Овод | Страница: 16

  • Georgia
  • Verdana
  • Tahoma
  • Symbol
  • Arial
16
px

– Миссис Бёртон приказала спросить, не хотите ли вы ужинать, сэр. Она надеется увидеть вас, прежде чем вы ляжете спать, так как ей нужно сегодня же переговорить с вами.

– Благодарю вас, ужинать я не хочу. Передайте миссис Бёртон, что я не буду ложиться.

Он вошёл в свою комнату. В ней ничего не изменилось со дня его ареста. Портрет Монтанелли по-прежнему лежал на столе, распятие стояло в алькове. Артур на мгновение остановился на пороге, прислушиваясь. В доме тихо, никто не сможет помешать ему. Он осторожно вошёл в комнату и запер за собой дверь.

Итак, всему конец.

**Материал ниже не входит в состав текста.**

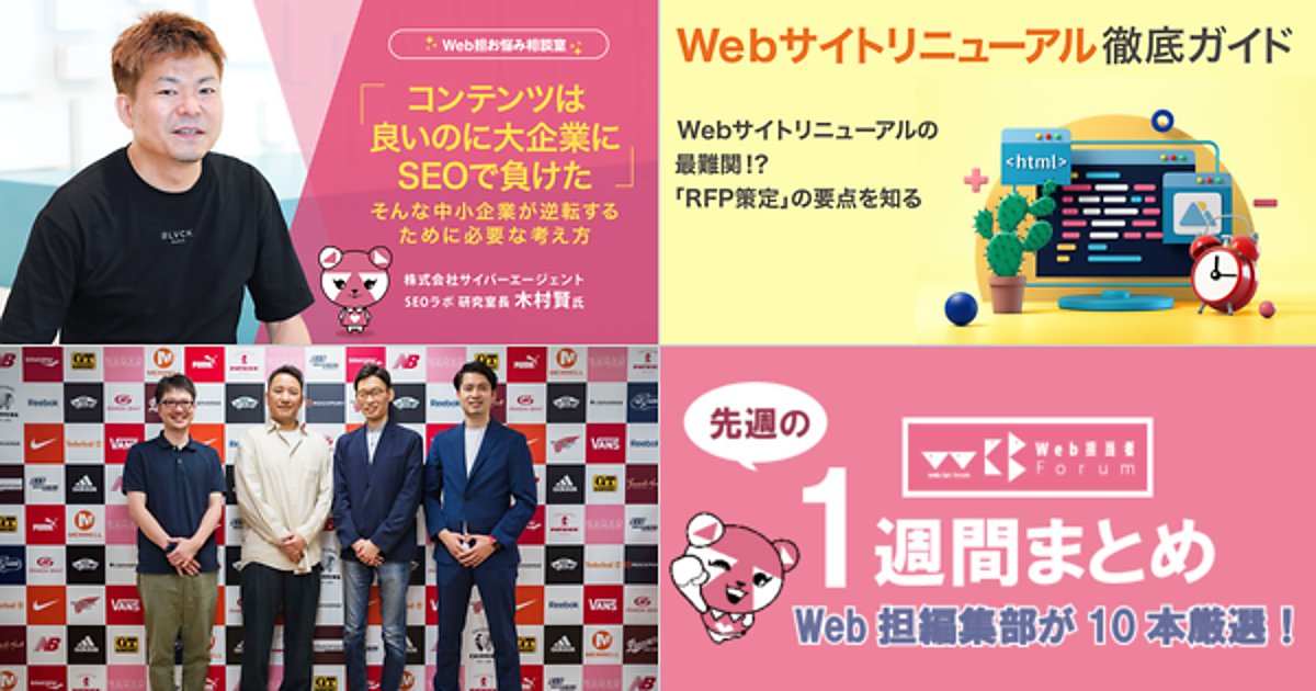 Web 担当者 Forum に掲載された情報を毎週一度、まとめてご紹介するこのコーナー、今回は解説記事 5 本とニュース記事 5 本です。

Не о чём больше раздумывать, не из-за чего волноваться. Отделаться от ненужных, назойливых мыслей – и все. Но как это глупо, бессмысленно!

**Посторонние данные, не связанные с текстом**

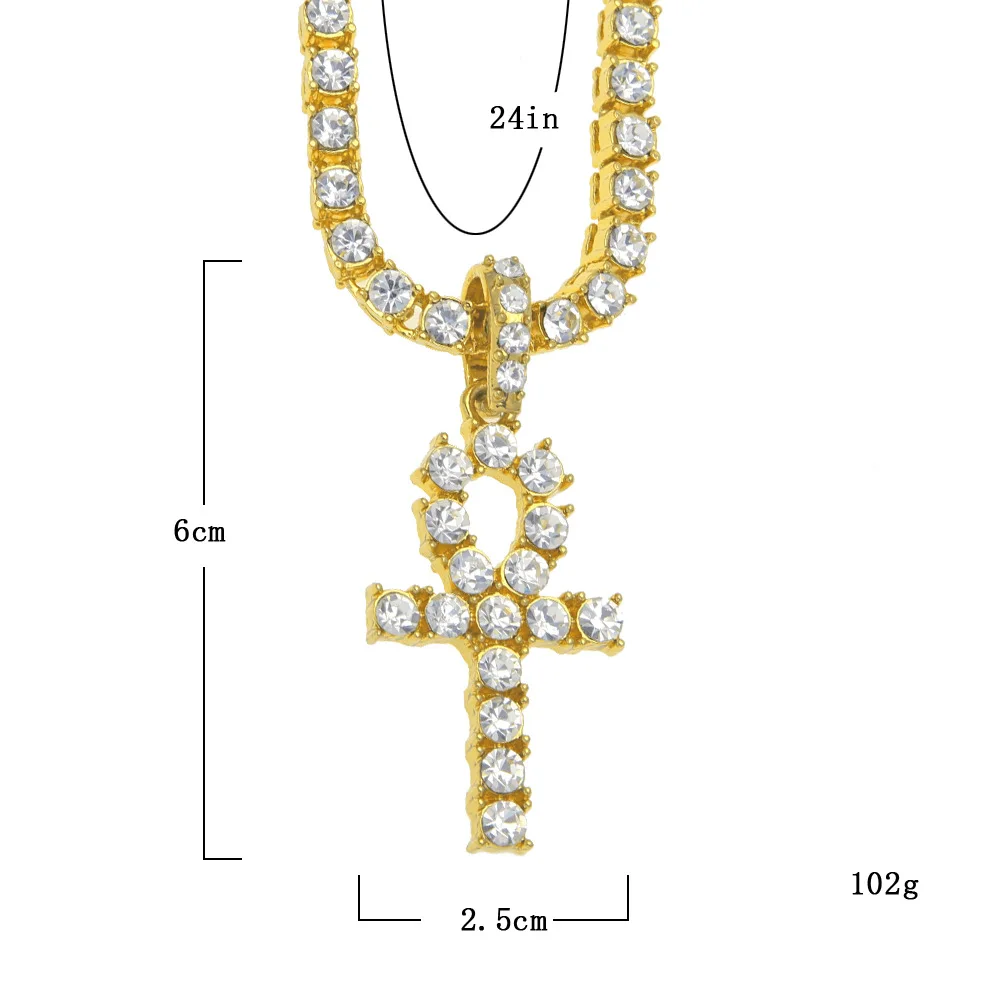 Promo Hip Hop Bling Ice Out Rhinestone Paved Ankh Cross Pendants Necklace with 1 Row 24inch Tennis Chain

Ему не надо было решать – лишить себя жизни или нет; он даже не особенно думал об этом: такой конец казался бесспорным и неизбежным. Он ещё не знал, какую смерть избрать себе. Всё сводилось к тому, чтобы сделать это быстро – и забыться. Под руками у него не было никакого оружия, даже перочинного ножа не оказалось. Но это не имело значения: достаточно полотенца или простыни, разорванной на куски.

Он увидел над окном большой гвоздь. Вот и хорошо. Но выдержит ли гвоздь тяжесть его тела? Он подставил к окну стул. Нет! Гвоздь ненадёжный. Он слез со стула, достал из ящика молоток, ударил им несколько раз по гвоздю и хотел уже сдёрнуть с постели простыню, как вдруг вспомнил, что не прочёл молитвы. Ведь нужно помолиться перед смертью, так поступает каждый христианин. На отход души есть даже специальные молитвы.

Он вошёл в альков и опустился на колени перед распятием.

– Отче всемогущий и милостивый… – громко произнёс он и остановился, не прибавив больше ни слова. Мир стал таким тусклым, что он не знал, за что молиться, от чего оберегать себя молитвами. Да разве Христу ведомы такие страдания? Ведь его только предали, как Боллу, а ловушек ему никто не расставлял, и сам он не был предателем!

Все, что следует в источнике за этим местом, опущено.